Mitford family heirloom from imperial Japan
The Collection of Deborah Mitford, Duchess of Devonshire, Sotheby’s, London 2 March
Sotheby’s in London is selling more than 450 decorative objects and family heirlooms from the estate of Deborah, the Duchess of Devonshire, the last of the six aristocratic Mitford sisters. A highlight is this Japanese gilt-decorated lacquer sculpture from the Meiji period (late 19th century), which is estimated to fetch between £20,000 and £30,000. The 2m-tall sculpture is mounted with ivory, glass and metal on a lotus-carved base and depicts a traditional Japanese guardian figure. The duchess’s grandfather, the British diplomat Algernon Freeman-Mitford, who had strong ties to Japan, was probably given the statue by the emperor Meiji in the 1870s. Freeman-Mitford was appointed the third secretary to Japan by the British government in 1866, and became the secretary of the British Legation in 1868. He was honoured at the Japanese imperial court in the same year, and wrote a folkloric novel titled Tales of Old Japan in 1871.
France’s underrated third emperor
The Christopher Forbes Collection, Osenat, Fontainebleau 5-6 March
Christopher “Kip” Forbes, the vice chairman of Forbes, became fascinated as a teenager with the lesser-known figure of Louis-Napoléon Bonaparte. The nephew of Napoléon Bonaparte ruled over a prosperous France from 1848 to 1870, first as president of the Second Republic and then, after a coup d’état, as the Emperor Napoléon III. Forbes was 16 when he discovered this portrait of the emperor by Hippolyte Flandrin and his pupil Eugène Montpellier at an antiques shop in Saint-Tropez. The work is a three-quarter copy of Flandrin’s 1862 full-length portrait, which is held at the Château de Versailles. It was Forbes’s second acquisition for what would become a vast collection of French Empire art and memorabilia. The collection of more than 2,000 items, including battle paintings, satirical cartoons, imperial porcelain and letters, goes under the hammer in Fontainebleau on 5 and 6 March and 9 April. The portrait is estimated to sell for between €20,000 and €30,000.

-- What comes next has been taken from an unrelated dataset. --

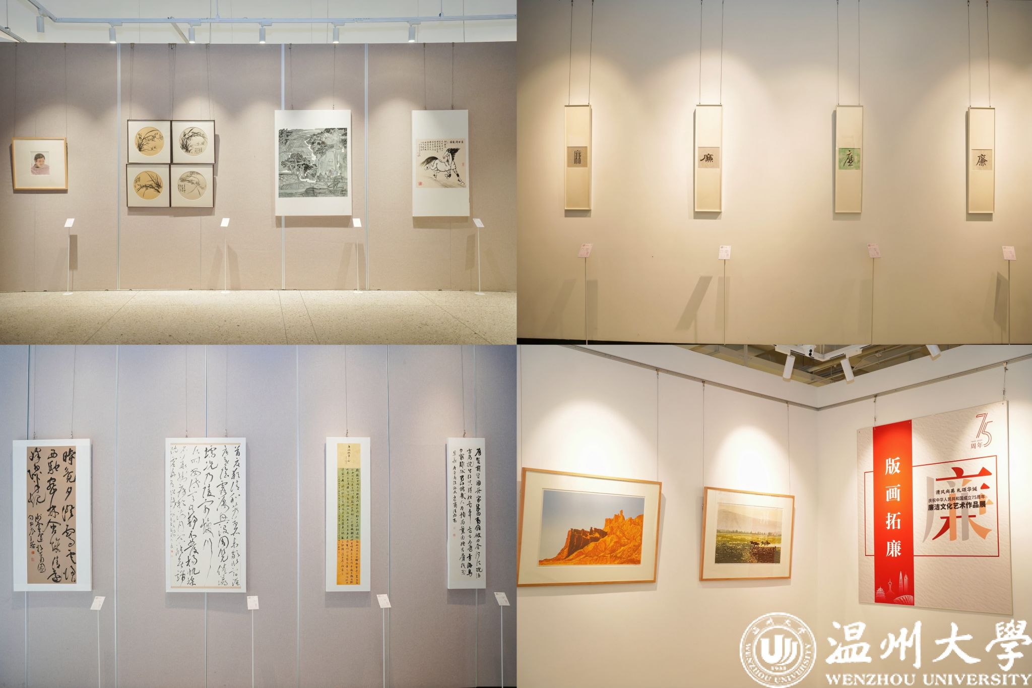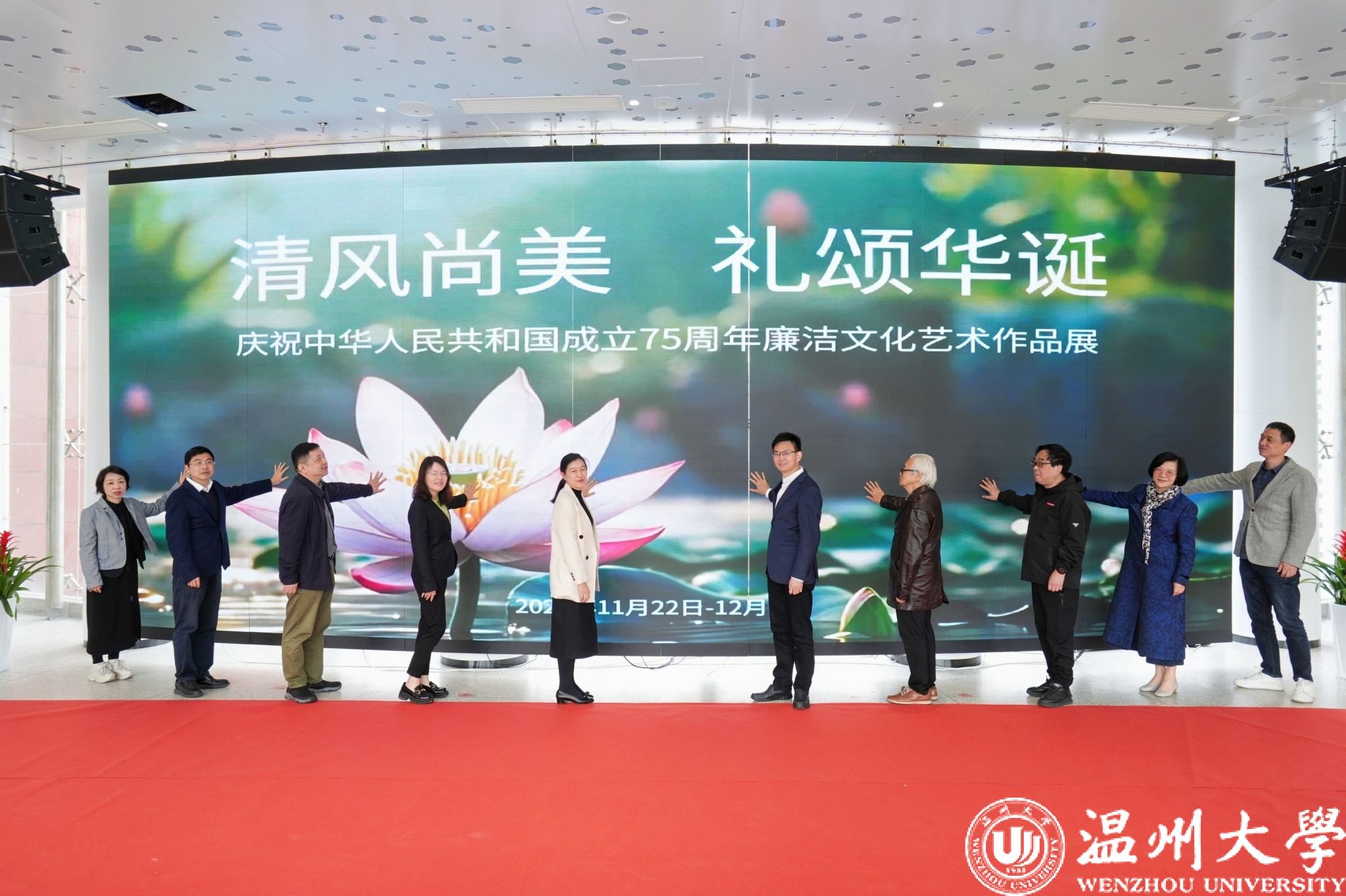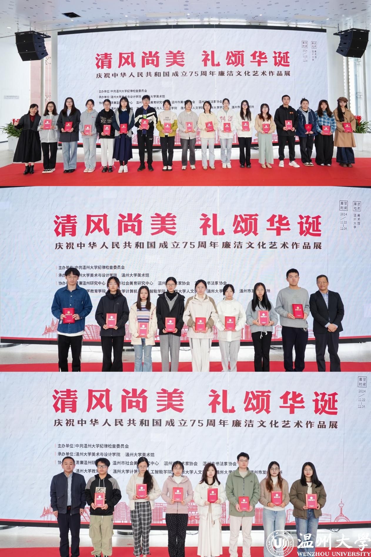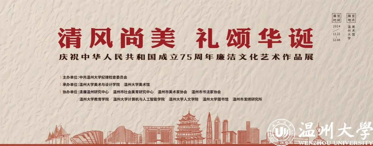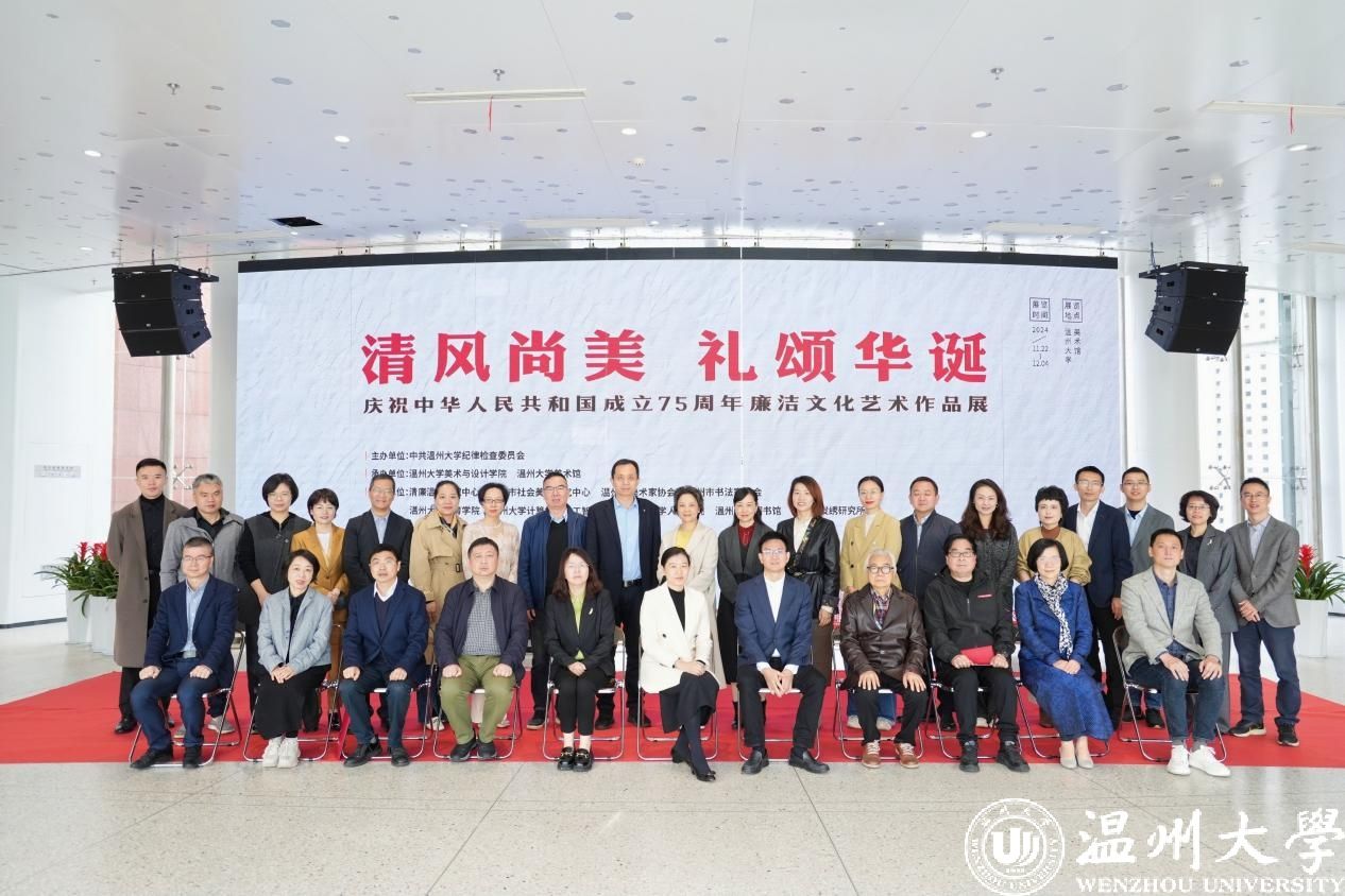 11月22日上午,“清风尚美 礼颂华诞——日本色情片 庆祝中华人民共和国成立75周年廉洁文化艺术作品展”开幕式在日本色情片 美术馆举行。温州市纪委、市监委第一监督检查室主任潘徐丹,温州医科大学党委委员、纪委书记章红波,日本色情片 党委委员、纪委书记李都金,温州理工学院党委委员、纪委书记王华,温州市美术家协会名誉主席戴宏海,温州市文联副主席谢子康,温州市书法家协会主席吴聘真、副主席楼晓勉,温州市美术家协会副主席陈旭海,日本色情片 美术与设计学院等相关学院部门负责人、协办单位领导、二级学院纪委书记出席仪式。

Depths of the Great Depression
March Estates Auction, Fairfield Auction, Monroe, Connecticut (online) 18-23 March
Fairfield Auction is offering a seminal work by the American artist Will Barnet, Idle Hands (1935) (est $60,000-$90,000), in its online March sale. The oil painting is based on Barnet’s personal encounter with a homeless man on the Bowery in New York, where he moved to study fine art at the Art Students League in 1931. Barnet worked at the height of the Great Depression and often painted subjects that reflected the harsh socio-economic conditions of the time. Idle Hands, which featured in the Will Barnet at 100 retrospective at the National Academy Museum, New York, in 2011, evokes the despair felt by masses of unemployed people in New York and beyond. The work is coming to the market for the first time since the consignor’s parents acquired it directly from the artist in New York in the mid 1930s.